Sendikalaşan iş yerlerinde, örgütlenen işçilere karşı tavırlar var. Örgütlenen işçileri, iş yerlerinden atmaya kadar uzanan girişimler var. Bunlar bana ulaştığı zaman sendikanın kimliğine hiç bakmam. Patronunu ararım. Bizim hukukumuza aykırı hangi işlem varsa uygularım, kapatmak da dahil.
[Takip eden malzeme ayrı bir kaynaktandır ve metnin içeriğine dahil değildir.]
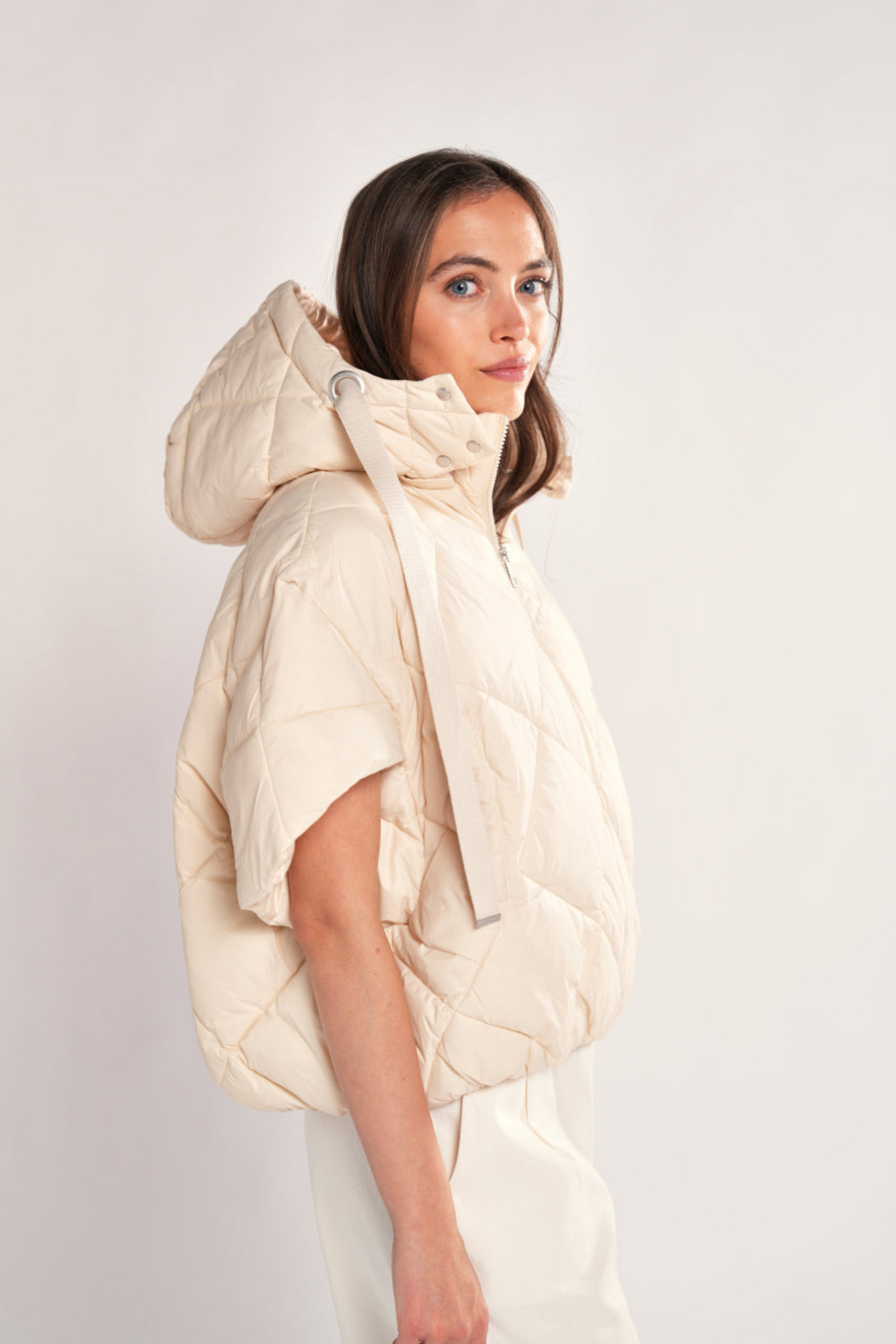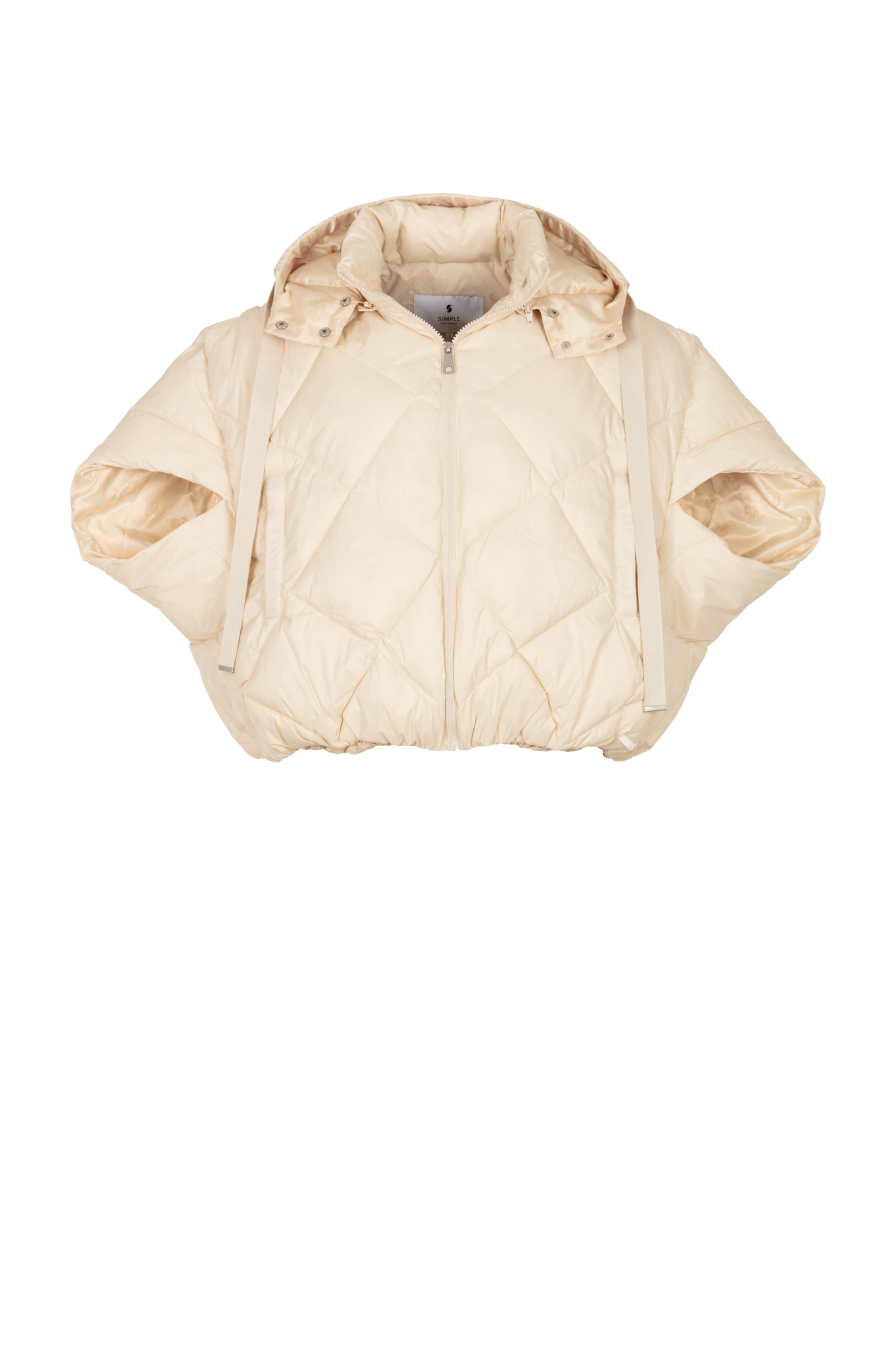 De Simple The Brand Suza Jacket in Egret is een eigentijdse, gewatteerde bodywarmer met een volumineus, oversized silhouet. Dit model in een lichte crèmekleur heeft een ruitvormig stikpatroon, een praktische capuchon met trekkoorden en een volledige ritssluiting aan de voorzijde. De wijde, korte mouwaanzet en de elastische onderzijde geven dit puffer-item een moderne en sportieve uitstraling.

Bizim görev alanımızda çalışma ilişkileri ilk sırada yer almaktadır. Endüstriyel ilişkilerde, işçi-işveren ilişkisi önemlidir. Biz devlet olarak nerede duruyoruz sorusu Cumhuriyetin kuruluşundan itibaren devlet emekçilerinin hukukunu düzenleyecek tedbirleri almaya gayret etmiştir. Cumhuriyet, herkesin cumhuriyetidir. Çalışanlarını koruyan bir sosyal devlet anlayışına dayanmaktadır. Modern toplumda sendikalar en önemli kurumdur. Emekçilerin örgütlenmesi onları işverene karşı eşit hale getirecek bir müessese olarak düşünülmüştür. Kanunlarımız bu anlayışla işlev görmektedir. Sendikalaşmayı önemli görüyoruz. Türkiye'de kamuda sendikalaşma oranı yüksek sayılabilir, işçilerimizde oran düşüktür. Yüzde 14 oranı Türkiye'nin geldiği yere oldukça geri anlayıştır. Neden küçük ve orta ölçekli işletmelerde böyledir. Tutucu bir anlayıştır.